7. Hend Riad, co-founder of Reform studio.

Launching with initial boost by Egyptian accelerator Flat6Labs, Riad and her partner Mariam Hazem turned a university project into a profitable business that not only pushes the boundaries of statement furniture, but also offers a sustainable solution to the problem of plastic waste in Cairo. What started out as a simple university initiative expanded into a design studio, which was awarded in 2013 in Milan. The entrepreneurs have also opened their own workshop, where they work in partnership with NGOs to collect plastic bags for re-use. "Plastic bags are the second most wasted material in Egypt and it takes a thousand years for a plastic bag to degrade," they said in an interview with CairoScene. The winner of international awards, their designs are responsible products that benefit the environment, have a positive impact on the society, and satisfy a user need.  

8. Rasha Abo Elsoud, founder of The Workshops and the Women Entrepreneurs of Egypt network  

A serial social entrepreneur pursuing her passion by helping other women become entrepreneurs, Abo Elsoud abandoned the corporate world to juggle multiple identities as a writer, an entrepreneur and a mother of two. The founder of The Workshops and MAKTABYthe businesswoman stretched the limits in the female startup world when she created the Women Entrepreneurs of Egypt network, working as a coach to provide one-to-one business and soft skills to professionals in and out of Egypt. A published author of five Arabic-language books and a motivational public speaker, Rasha Abo Elsoud is known as a multi-tasking woman with passion in social development, skill development, and culture.

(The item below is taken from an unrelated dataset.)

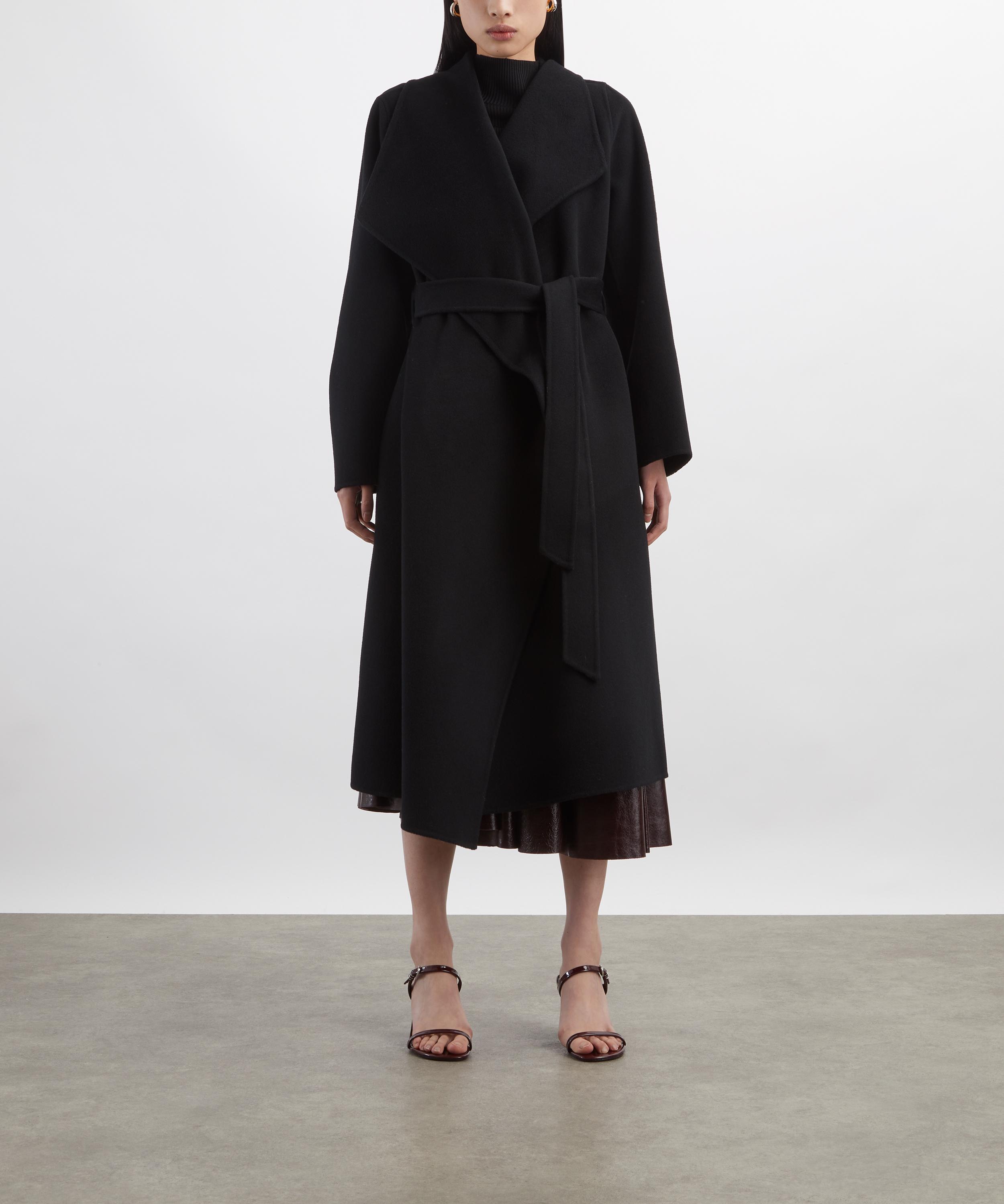 Crafted from warm wool, its minimalist wrap design is elevated with exaggerated lapels and a relaxed silhouette. Layer it over your winter knitwear collection throughout the season.

9. Amira Azzouz, founder and Editor-in-Chief of Fustany.com

Having created on of the leading fashion and lifestyle portals for Arab women, Azzouz launched her business in 2009, as she was attending her year in college as a Telecommunication Engineering student. With a solid presence across the Arab world and 1.5 million monthly visitors, Azzouz constantly works with worldwide leading brands in providing content for a rapidly changing female online market.

10. Radwa Rostom, founder of Handover

Selected as Arabian Business’ 30th most powerful Arab under 40, Radwa Rostom is a civil engineer with a passion for community development who decided to put her skills to action and create prototypes for housing units made solely of earth materials. A training and CSR specialist at the Solar Energy Co. and a member of UNIDO (United Nations Industrial Development Organisation), Rostom created her project after receiving a fellowship from the DO School in Hamburg, Germany. This year, she successfully raised $5,5000 in a crowdfunding project, aiming not only to provide a more humane shelter for slum dwellers in Egypt, but also empower architecture and civil engineering students to design and implement sustainable shelters using the rammed earth technique.

11. Amy Mowafi, co-founder of MO4 Network and published writer

The only woman in the media empire she built with her three brothers, and the oldest of the four, MO4’s own Amy Mowafi knows no moulds. In 2007, she wrote Fe-mail, an outspoken account of her trials as an Egyptian girl looking for love, commitment, and marriage in Egyptian society, followed by a second part where she sarcastically tells her challenges as a married woman. After spending 10 years as the Managing Editor at Enigma, she joined her brothers in 2011 to launch the MO4Network. In just four years, MO4 has become one of the region's leading creative digital agencies boasting a team of over 100 people and more than 140 clients across offices in Cairo and Dubai. MO4 is also the company behind leading regional media platforms, CairoZoom.com and yours truly CairoScene.com.